Apart from the discrete time DTM described above, continuous time DTM is proposed by Wang et al. (2012). Rather than being discrete, t can take on any point on a continuous timeline. While continuous time DTM is useful for high-frequency textual data, such as tweets from Twitter, it is hardly applicable in our project that mainly uses yearly data.

5 RESULTS

We apply LDA and DTM to the abstracts in 17 finance academic journals. The data set contains 20,185 abstracts and 12,046 unique words and phrases. After the cleaning process as in Section 3.1, we are left with 5332 unique words and phrases. Summary statistics of the 17 journals are listed in Table 1, including each journal's time horizon and number of articles with abstracts. For example, JF in our sample starts from 1976, the year when Web of Science started storing its data. Figure A1 plots the number of active journals and articles every year.

5.1 Appropriate number of topics

To determine the appropriate number of topics, we run LDA and maximize the log-likelihood and minimize the perplexity of the data from the models trained for different numbers of topics. We use Gibbs sampling to estimate the model parameters under a different number of topics, and we choose the model with the highest log-likelihood/lowest perplexity as our model in this paper. We compute the probability of a set of abstracts unseen to the estimated model at the end of the machine learning process to avoid the caveat of overfitting. The optimal number of topics should be accompanied by the highest computed probability. Figure 1 reports the log-likelihood of the data from the trained model of different numbers of topics.
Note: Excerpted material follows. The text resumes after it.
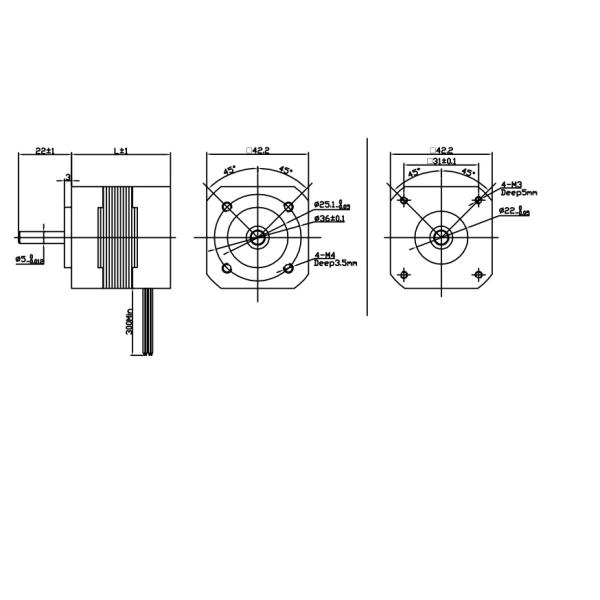 4. Dimensions Of 42mm Brushless DC Motor: (Unit=mm)

The number of topics with the highest likelihood is approximately 40. In implementing this approach, we find that there are topics that represent general sentences and do not indicate specific research interest. For example, a topic with keywords “relat,” “posit,” “neg,” “associ,” and “evid” may simply represent an often used general sentence “we provide evidence on a positive/negative relation/association.” Therefore, we finally choose 50 topics when implementing LDA and exclude 12 general sentence topics from them. A full list of general sentence topics is presented in Table A2.
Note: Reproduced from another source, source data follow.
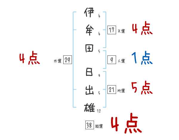 伊牟田日出雄さんの画数の鑑定結果
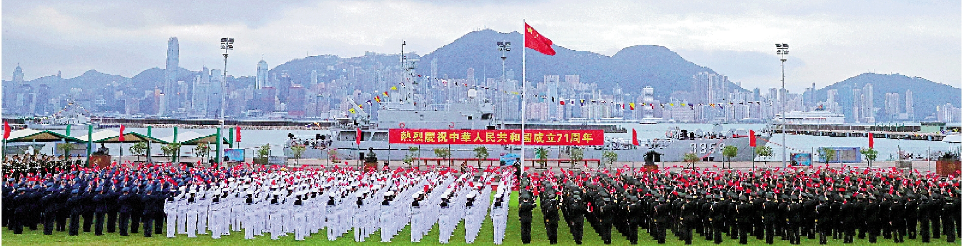 清晨7時許的維多利亞港昂船洲軍營,96名駐港部隊三軍儀仗隊隊員組成的護旗方隊邁着穩健的步伐護衛國旗莊嚴入場。「升國旗!奏國歌!」伴隨着升國旗儀式開始,從大帽山下到維港之畔,從空軍場站到海軍基地,在赤柱、新圍、九龍、石崗遍布全港的座座軍營,一面面五星紅旗迎風招展,標定出人民軍隊的神聖哨位。
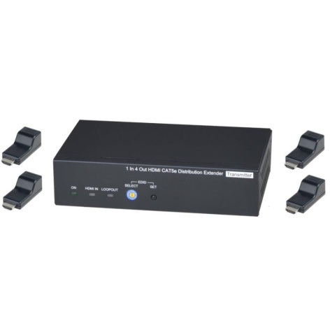 Комплект (удлинитель-распределитель+4 приёмника) HDMI 1.4 (1 вход/4 выхода) с передачей по кабелю витой пары CAT5e на удалённые приёмники.

Details are in the caption following the image
Log-likelihood versus number of topics. This figure reports the log-likelihood of latent Dirichlet allocation (LDA) model under different number of topics. Higher likelihood reflects a lower perplexity and that the LDA model models the corpus better. The maximum likelihood occurs around 40 topics including the topics of general sentences. In implementing this approach, we find that there are topics that represent general sentences and do not indicate specific research interest. For example, a topic with keywords “relat,” “posit,” “neg,” “associ,” and “evid” may simply represent an often used general sentence “we provide evidence on a positive/negative relation/association.” Therefore, we choose 50 topics when implementing LDA and exclude 12 general sentence topics from them.

5.2 Naming the topics

Table 2 presents each topic's top 10 keywords generated by LDA, that is, the 10 words with the highest appearing probability in each topic. We name each topic by reading the keywords and the articles that belong to it. For example, if we observe that “bank,” “loan,” “borrow,” “lend,” “commerce,” and “deposit” appear in one topic, after reading the articles belonging to this topic, we name it as “Commercial Banking”; if we observe that “ceo,” “manag,” “board,” “compens,” “incent,” “director” appear in one topic, we name it as “CEO, Board, Director.” The abstracts are categorized into 38 research topics and 12 general sentence topics.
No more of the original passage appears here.